此外,在具体的文学作品的介绍中,在文体方面进行了扩充。在以往的世界文学史编纂中,不论是国内还是国外,大多都集中在诗歌、小说、戏剧三大文体种类的介绍与探讨。而在这部《世界文学史》中,则抛弃了诗歌、小说、戏剧三大文体中心论的“偏见”,从论述对象当时当地的文学史实出发,除了对主流文体的评介之外,还对散文、寓言、童话、曲词等体裁进行的评介。对于传统观念中的非主流文学现象采取了有选择的包容、接纳的态度,并对其进行较为客观的评价与介绍,在很大程度上,保护了“世界文学史”的完整性。以第三编东斯拉夫文学中的第一章俄罗斯文学为例,编著者从17世纪俄罗斯的社会历史背景出发,介绍了在当时颇为盛行的民主文学叙述体裁,包括《1060年的故事》、《荣耀俄国之新事》、《棘鲈的故事》、《谢米亚克法庭的故事》等,涵盖了讽刺模拟作品、童话故事、动物故事、历史歌曲等体裁。真实而全面地展示了17世纪俄罗斯文学的图景。

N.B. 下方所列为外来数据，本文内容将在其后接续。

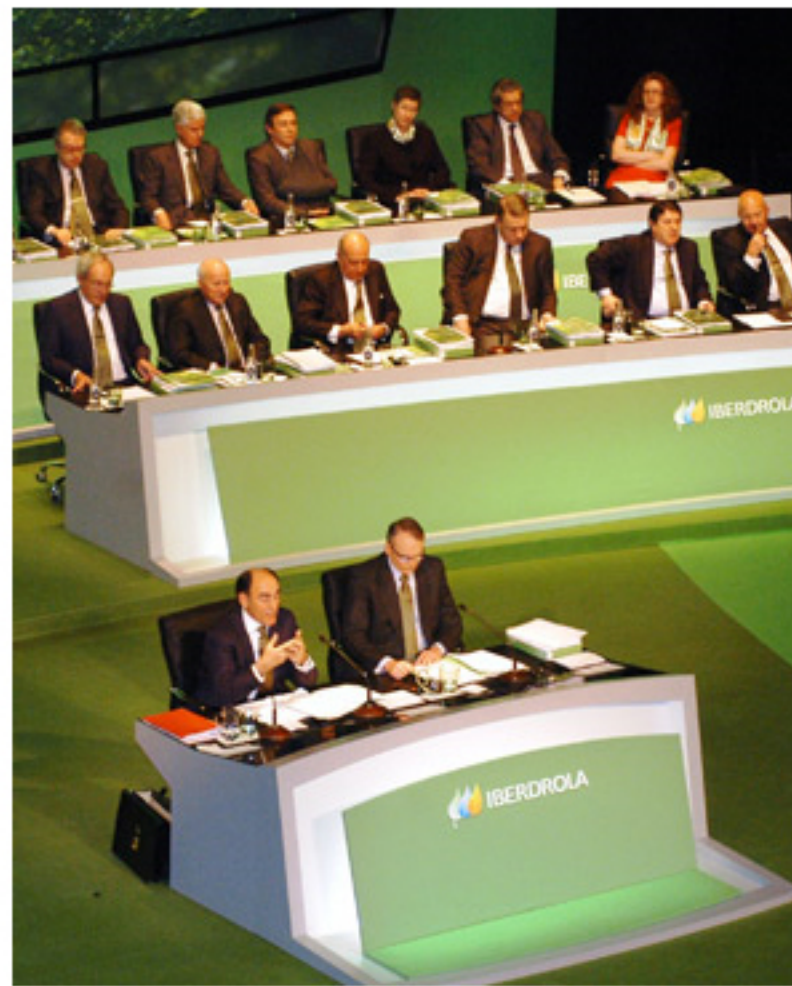
↑ Muchos hombres y muy pocas mujeres en el Consejo de Administración de Iberdrola.

En su número del sábado 20 de marzo, YO DONA analiza la situación desde todos los ángulos e investiga, con entrevistas con varias consejeras, por qué está aumentando tan lentamente la presencia femenina en el 'sancta sanctorum' de las empresas españolas.
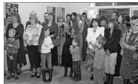
Latgales mākslas un amatniecības centra jubilejas pasākums
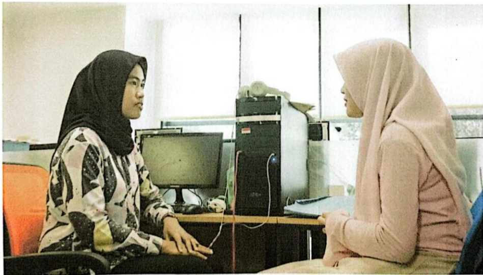
Gambar Lampiran Wawancara Editor Redaksi Tribunnews Bogor

© Hak Cipta milik Politeknik Negeri Jakarta
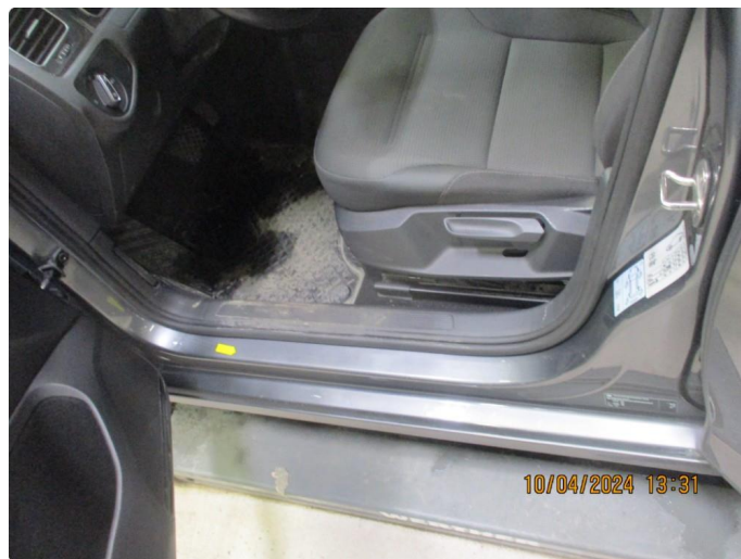
1.11 Rustblærer innsteg til venstre fordør
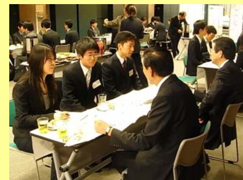
（第二回開催時の情報交流会の様子）

其次,在介绍爪哇文学时,除了介绍爪哇长诗,还介绍了爪哇传统的哇扬戏。
(二)联系视角,贯通叙述
《世界文学史》的第二大特点便是采取联系的视角,结合社会、历史、政治、宗教、文化、哲学等相关因素,对各地区、各国家的文学史实进行贯通叙述。在每一编具体文学史实的相关论述展开之前,编纂者都设置了一个介绍当时当地社会历史文化背景的引言,在这一介绍中,各种政治事件、社会状况、文化潮流、宗教主张等都与当时的文学状况自然而紧密地联系在了一起,为紧接着要进行的文学史评介打下了基础。就单一国别断面的介绍来看,在讲到17世纪俄罗斯文学时,编纂者首先介绍了当时的时代背景:“十七世纪的俄罗斯文学正处于两大时代——中世纪和新时期——的交汇处。全俄罗斯市场的形成、规模宏大的社会运动的风起云涌、新的社会阶层登上历史舞台,这一切都促使国家文化生活的巨变,新概念和新思想的成熟……俄罗斯人在亚洲的北部和东北部完成了极富价值的地理发现。”这些关于地理、政治、经济、思想相关情况的介绍为后文中对“翻译文学”、“民主文学的叙述体裁”、“大司祭阿瓦库姆和自传体文学的发展”的介绍奠定了理解基础;此外,在讲到斯里兰卡的僧伽罗文学时,先介绍了佛学在该地区所在文化圈的传播轨迹及其影响;在讲到缅甸文学时,则先介绍了缅甸政治和文化生活中心南移的历史背景。这些联系具体社会、历史、政治、文化、宗教相关事件、情况的介绍,都为我们理解当时当地文学发展情况奠定了充分的背景基础,使得相关文学史实的介绍读来更有融会贯通之感。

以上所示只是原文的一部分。